• EXERCISE DIRECTIONS:
Set down, exactly as written, the lines from the line holding "Torrid Black Studio" to the end of the data, inclusive, skipping any pictures.

• THE RECORDS:
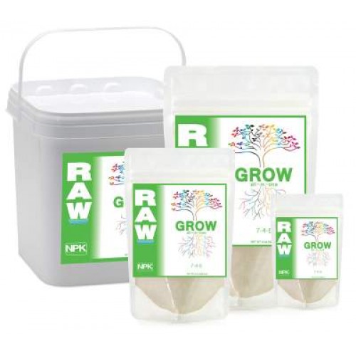 RAW GROW is a tested blend of all 12 RAW Soluble plant nutrients, essential elements and supplements. This blend has been proven to be an optimal all-in-one base “grow” horticultural fertilizer. RAW GROW is used through out the entire vegetative stage. Derived from plant protein hydrolysate, mono potassium phosphate, potassium sulfate, cane molasses, sodium borate, copper sulfate, iron DTPA, magnesium sulfate, manganese sulfate, zinc sulfate and azomite. Also contains non-plant food ingredients; humic acids derived from leonardite and peat, kelp (Ascophyllum nodosum), silicon dioxide derived from diatomite and yucca extract.
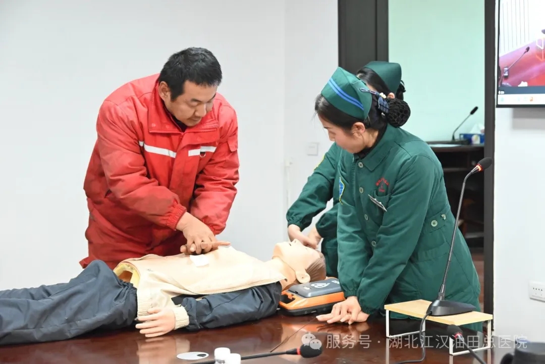 随后,李群护士长和护士陈进为员工们带来了生动精彩的 AED 讲解和心肺复苏急救知识授课,她们以通俗易懂的语言和形象直观的演示,详细传授了相关的专业技能,并指导员工们进行 AED 设备的操作练习以及心肺复苏的模拟实践。现场互动氛围热烈。
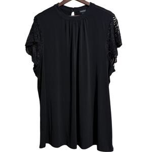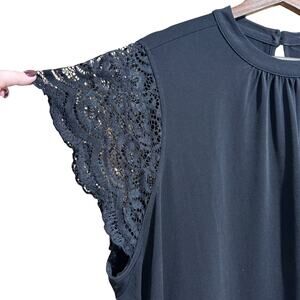 Torrid Black Studio Knit Lace Sleeve stretchy Top Women's Torrid 4 or 4X
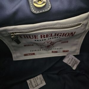 True Religion Frayed Dark Blue Denim Hobo Shoulder Bag ~Logo
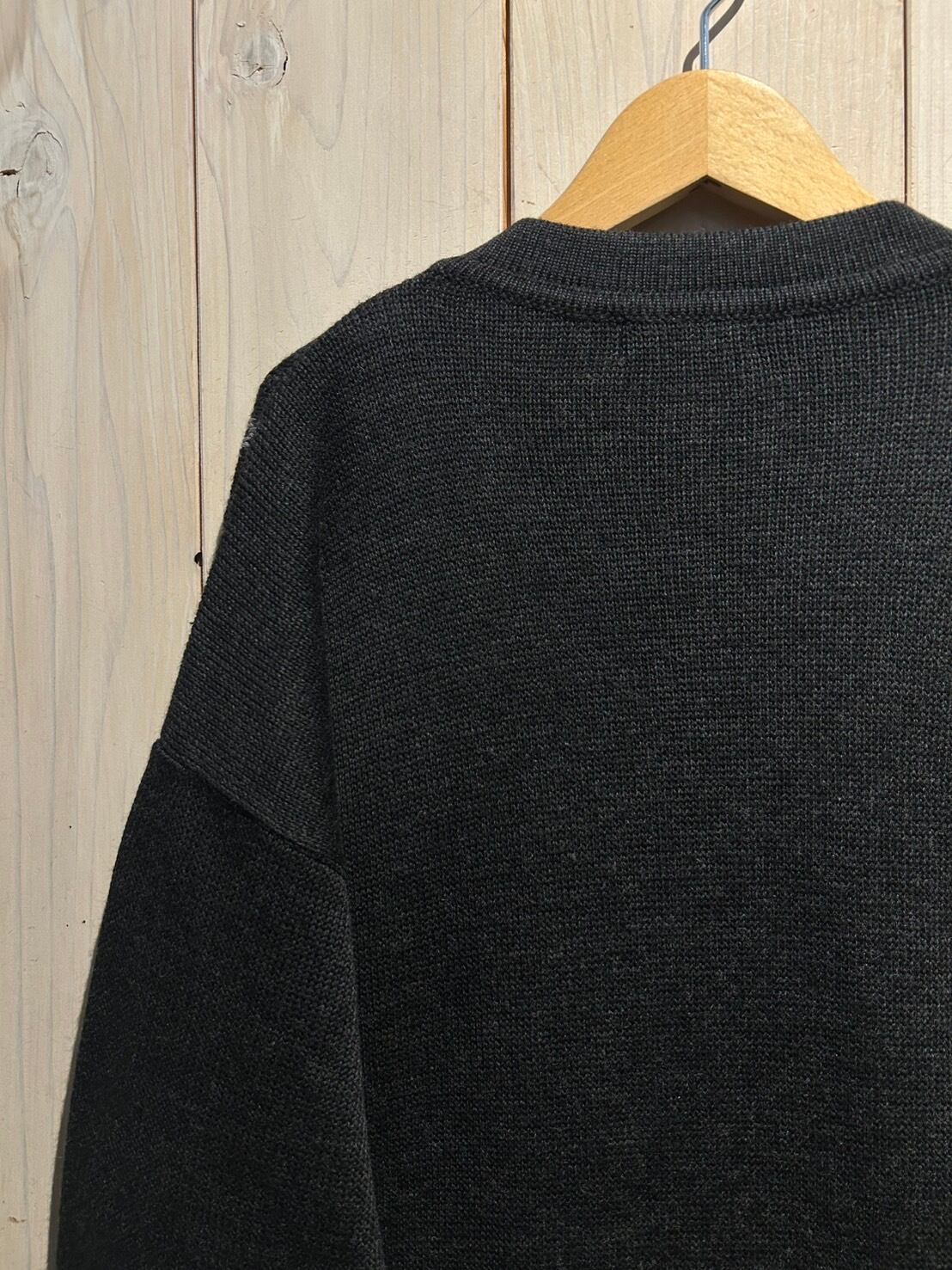 ニットの質感と、スエードレザーの掛け合わせがデザインにコントラストを生み出し、落ち着いたカラーリングで纏めながらも、素材間で奥行きを持たせた、デザインバランスにも非常〜に優れた1着。

• YOUR SOLUTION:
 Torrid Black Studio Knit Lace Sleeve stretchy Top Women's Torrid 4 or 4X
 True Religion Frayed Dark Blue Denim Hobo Shoulder Bag ~Logo
 ニットの質感と、スエードレザーの掛け合わせがデザインにコントラストを生み出し、落ち着いたカラーリングで纏めながらも、素材間で奥行きを持たせた、デザインバランスにも非常〜に優れた1着。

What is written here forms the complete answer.